What happens to used solar panels? DOE wants to know

By David Iaconangelo | 03/21/2022 07:16 AM EDT

Figuring out how to recycle old panels — or reuse parts like the precious metals often contained in them — is a looming challenge.

Department of Energy headquarters in Washington, D.C., as photographed Sept. 17, 2021.

Department of Energy headquarters in Washington. Francis Chung/E&E News

The Department of Energy released an action plan last week intended to help the United States launch a comprehensive system for handling and recycling solar panels, which some studies have suggested could make up a tenth of all electronic waste in coming decades.

The Solar Energy Technologies Office (SETO) announced a new target to bring the cost of recycling solar panels to about $3 per panel by 2030, a threshold that would make the practice economic for the first time.

That follows an earlier DOE goal to try to halve the price of solar power by decade’s end. By 2035, solar could contribute 37 to 42 percent of the grid’s power, in line with the Biden administration’s goal of a carbon-free grid by that year, according to the office, which is part of DOE’s Office of Energy Efficiency and Renewable Energy (EERE) (Energywire, Sept. 9, 2021).


The new recycling target would mean a cost reduction of “more than half,” DOE’s solar researchers estimated. It also would make recycling roughly as economic as sending old panels to landfills, a process that costs roughly $1 to $5 per panel before transportation costs are factored in, according to previous research from the National Renewable Energy Laboratory (NREL).

“As we accelerate deployment of photovoltaic systems, we must also recognize the pressing need to address end-of-life for the materials in a sustainable way,” said Kelly Speakes-Backman, EERE’s principal deputy assistant secretary, in a statement. “We are committed to ensuring that the recovery, reuse, recycling, and disposal of these systems and their components are accessible, low-cost and have minimal environmental impact.”

To reach the target, the solar office is aiming to fill a knowledge gap about what happens to solar panels after they reach the end of their useful lives.

“Little is known about the actual state and handling of [photovoltaic end-of-life panels],” including the amount of panel waste being generated, how owners go about decommissioning their panels, who handles the waste and how transportation works, DOE’s plan said.

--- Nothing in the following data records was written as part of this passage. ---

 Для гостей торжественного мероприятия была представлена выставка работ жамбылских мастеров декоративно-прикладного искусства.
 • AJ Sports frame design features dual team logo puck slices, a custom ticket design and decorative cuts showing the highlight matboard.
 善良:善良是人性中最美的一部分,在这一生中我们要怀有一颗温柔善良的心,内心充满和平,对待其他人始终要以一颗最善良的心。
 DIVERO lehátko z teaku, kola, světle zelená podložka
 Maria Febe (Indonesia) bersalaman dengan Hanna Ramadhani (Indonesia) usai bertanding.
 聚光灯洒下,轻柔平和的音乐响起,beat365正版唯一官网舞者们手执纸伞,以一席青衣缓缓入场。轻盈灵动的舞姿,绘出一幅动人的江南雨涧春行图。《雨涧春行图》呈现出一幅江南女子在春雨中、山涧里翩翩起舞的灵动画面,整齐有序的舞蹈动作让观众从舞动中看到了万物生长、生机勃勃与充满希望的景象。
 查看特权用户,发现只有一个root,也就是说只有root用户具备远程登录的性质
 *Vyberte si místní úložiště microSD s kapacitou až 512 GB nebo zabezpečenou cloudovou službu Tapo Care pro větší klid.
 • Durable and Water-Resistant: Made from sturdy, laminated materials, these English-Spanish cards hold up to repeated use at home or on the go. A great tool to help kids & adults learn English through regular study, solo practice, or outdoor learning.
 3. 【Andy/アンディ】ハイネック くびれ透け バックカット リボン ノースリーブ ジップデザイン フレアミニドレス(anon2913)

At least one thing is clear, though, for the solar industry: Figuring out how to recycle old panels — or reuse parts like the precious metals often contained in them — is a looming challenge.

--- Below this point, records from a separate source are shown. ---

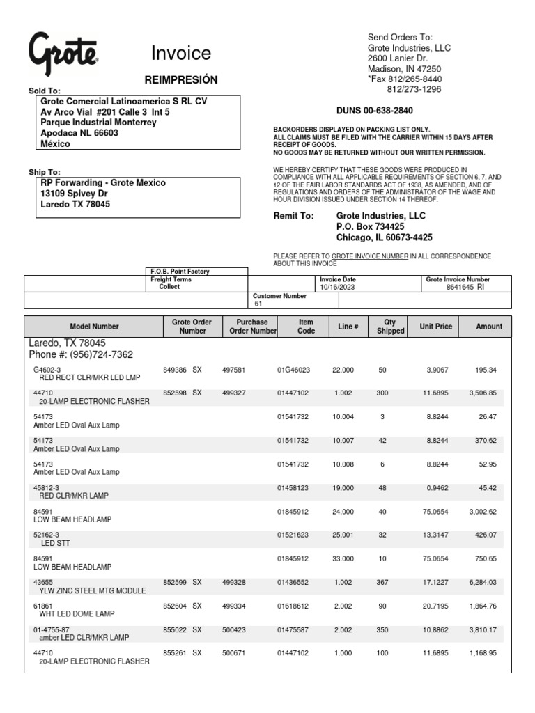 PLEASE REFER TO GROTE INVOICE NUMBER IN ALL CORRESPONDENCE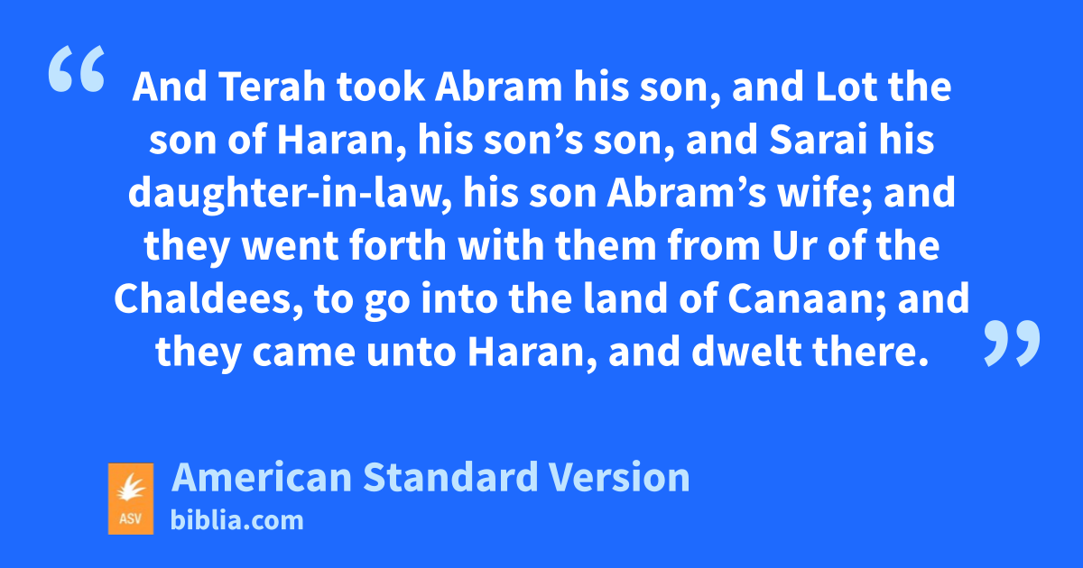 27Now these are the generations of Terah. Terah begat Abram, Nahor, and Haran; and Haran begat Lot. 28And Haran died before his father Terah in the land of his nativity, in Ur of the Chaldees. 29And Abram and Nahor took them wives: the name of Abram’s wife was Sarai; and the name of Nahor’s wife, Milcah, the daughter of Haran, the father of Milcah, and the father of Iscah. 30And Sarai was barren; she had no child. 31And Terah took Abram his son, and Lot the son of Haran, his son’s son, and Sarai his daughter-in-law, his son Abram’s wife; and they went forth with them from Ur of the Chaldees, to go into the land of Canaan; and they came unto Haran, and dwelt there. 32And the days of Terah were two hundred and five years: and Terah died in Haran.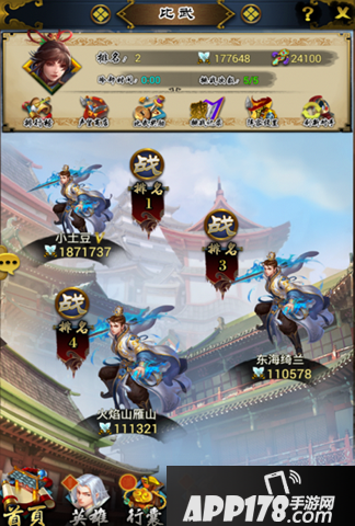 玩家每日可在擂台免费挑战5次,按擂台排名玩家可获得大量的元宝奖励与声望奖励.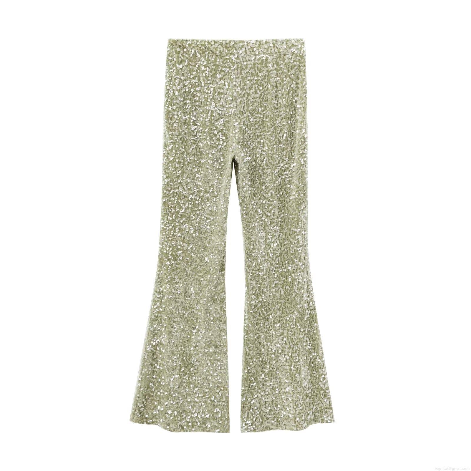 High-waisted, Glitter Texture, Full-page Sequins, Flared Mouth Design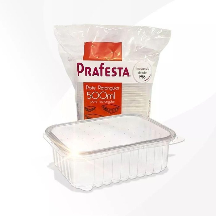 Bem-vindo à MOGIANA EMBALAGENS E DESCARTAVEIS, somos referência em produtos descartáveis na cidade de Franca! E agora estamos presentes no online para melhor atendê-los. Somos uma empresa comprometida em simplificar a sua vida e tornar o seu dia a dia mais prático e conveniente. DESCRIÇÃO DO PRODUTO: A Marmita Fitness Descartável de 500ml Prafesta é uma opção conveniente e prática para quem busca uma alimentação saudável e organizada. Com um pacote contendo 24 unidades, ela é perfeita para o planejamento de refeições semanais ou mensais. Fabricada com materiais de alta qualidade e totalmente seguros para uso alimentar, essa marmita é projetada para ser utilizada tanto no freezer quanto no microondas, proporcionando versatilidade e facilitando o processo de preparo e armazenamento de alimentos. Seu design compacto e hermético ajuda a manter a frescura dos alimentos, preservando sabores e nutrientes. CARACTERISTICAS PRINCIPAIS: Tamanho Ideal: Com capacidade de 500ml, e 24 unidades este pote é perfeito para acomodar porções individuais de alimentos, garantindo que você tenha sempre o suficiente para uma refeição completa. Uso misto: Pode ser usado no freezer e ou no micro-ondas. Material Durável: Fabricado em plástico resistente, o pote é durável o suficiente para uso único, mas também pode ser reutilizado, se desejar. Tampa Hermética: A tampa encaixa firmemente no pote, criando uma vedação hermética. FICHA TÉCNICA: Capacidade: 500ml Contém: 24 Unidades - (Contém uma tampa por marmita) Utilização: Frezeer e Microondas Marca: Prafesta Dimensões: Interno - 128,0mm X 83,5mm X 45,7mm Externo - 164,2mm X 120,3mm X 52,1mm Matéria Prima: Polipropileno Cristal Virgem (PP); Temperatura máxima para uso contínuo: 90 °C; Temperatura mínima para uso contínuo: -5 °C; Amorf, Atóxico, Reciclável. CONTEM 1 TAMPA POR MARMITA - SEM BPA – PRODUTO NÃO TOXICO OBS: FOTOS REAIS DO PRODUTO. SEU PEDIDO SERÁ ENVIADO EM ATÉ APÓS APROVAÇÃO DA COMPRA.

By the end of this decade, about 8 million tons of solar modules could arrive in landfills globally, according to an NREL study published in 2020. By 2050, panels could make up 10 percent of all electronic waste, according to the lab. That level of waste could undermine solar’s “green” credibility and squander an opportunity to repurpose metals that could be reused in as many as 2 billion new panels, the study found (Energywire, July 20, 2020).

The challenge of dealing with solar’s waste trail has already created friction among energy groups.

Last November, nine organizations — including the Edison Electric Institute, the American Clean Power Association, the U.S. Chamber of Commerce and the National Association of Manufacturers — asked EPA to reclassify certain spent solar panels as “universal waste.”

That designation would allow panels to pile up at a given location in bulk and make it economic for recyclers to retrieve them. Yet the universal waste designation applies to consumer products that are considered too hazardous to accumulate safely at landfills — a characterization that the Solar Energy Industries Association said was misleading, given that only a small number of old panels would likely flunk EPA’s toxicity tests. The petition is still pending before EPA (Energywire, Feb. 16).

DOE said in the recycling action plan that it intends to embark on a series of interviews with solar users, waste management firms and recyclers on how to collect, transport and handle solar components. Researchers will also try to learn from the car and construction industries’ experiences with recycling, it said.

By 2024, the solar office aims to establish a comprehensive database containing information about specific materials, quantities, age, locations and causes of end-of-life panels, it said. It also plans to research ways to make solar panels’ design more suitable for recycling and reuse.